An amazingly blunt show of power, Adán thinks. Which Ochoa didn’t bother to disguise and so wanted me to see. Gordo Contreras will hold on to power for as long as Ochoa wants him to and not a moment longer. Then Ochoa says, “I’m sure Barrera wasn’t finished with his offer and was about to say something about Michoacán.”

Ochoa has grown at the game, Adán thinks, but he’s still no Osiel Contreras. Osiel would never have brought up Michoacán proactively, tipping off his main concern like that.

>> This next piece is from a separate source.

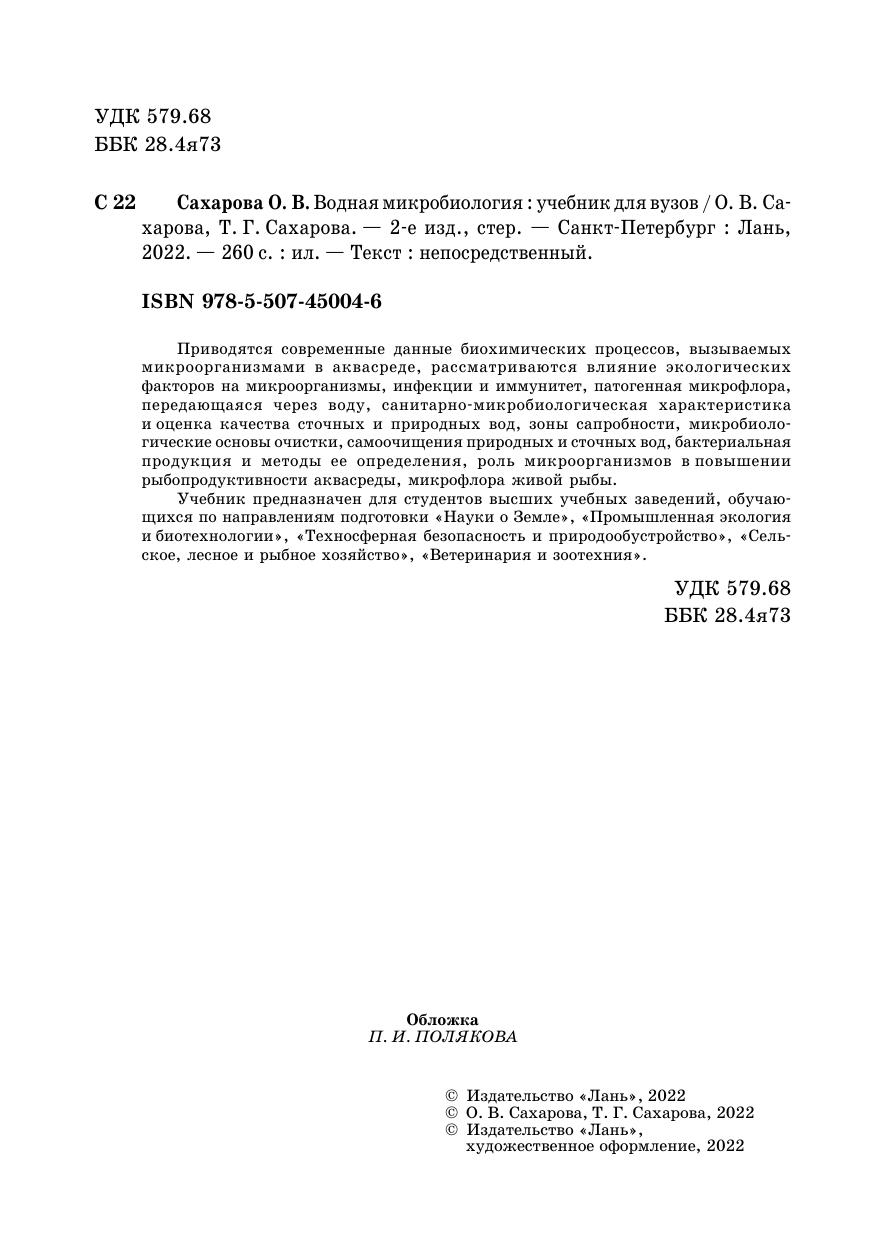 Приводятся современные данные биохимических процессов, вызываемых микроорганизмами в аквасреде, рассматриваются влияние экологических факторов на микроорганизмы, инфекции и иммунитет, патогенная микрофлора, передающаяся через воду, санитарно-микробиологическая характеристика и оценка качества сточных и природных вод, зоны сапробности, микробиологические основы очистки, самоочищения природных и сточных вод, бактериальная продукция и методы ее определения, роль микроорганизмов в повышении рыбопродуктивности аквасреды, микрофлора живой рыбы. Учебник предназначен для студентов высших учебных заведений, обучающихся по направлениям подготовки «Науки о Земле», «Промышленная экология и биотехнологии», «Техносферная безопасность и природообустройство», «Сельское, лесное и рыбное хозяйство», «Ветеринария и зоотехния».

“I don’t control La Familia,” Adán says. “They’re loose cannons. But we would become neutral in that conflict.”

“Your friends in the government aren’t neutral,” Ochoa answers.

“If we make peace, our friends will become your friends,” Adán says. “At the very least, they won’t be your enemies. The government might decide to focus its efforts onto La Familia.”

“And what would these ‘friendships’ cost us?” Gordo asks.

Rudely.

“I don’t ask guests to dinner,” Adán answers, “and then hand them a bill.”

Ochoa takes a moment to look over at Gordo as if to ask, Do you understand the importance of this? What he’s offering is more valuable than territory. He looks back to Adán and says, “Still, you’ll be polite enough to let us pick up the check every now and then?”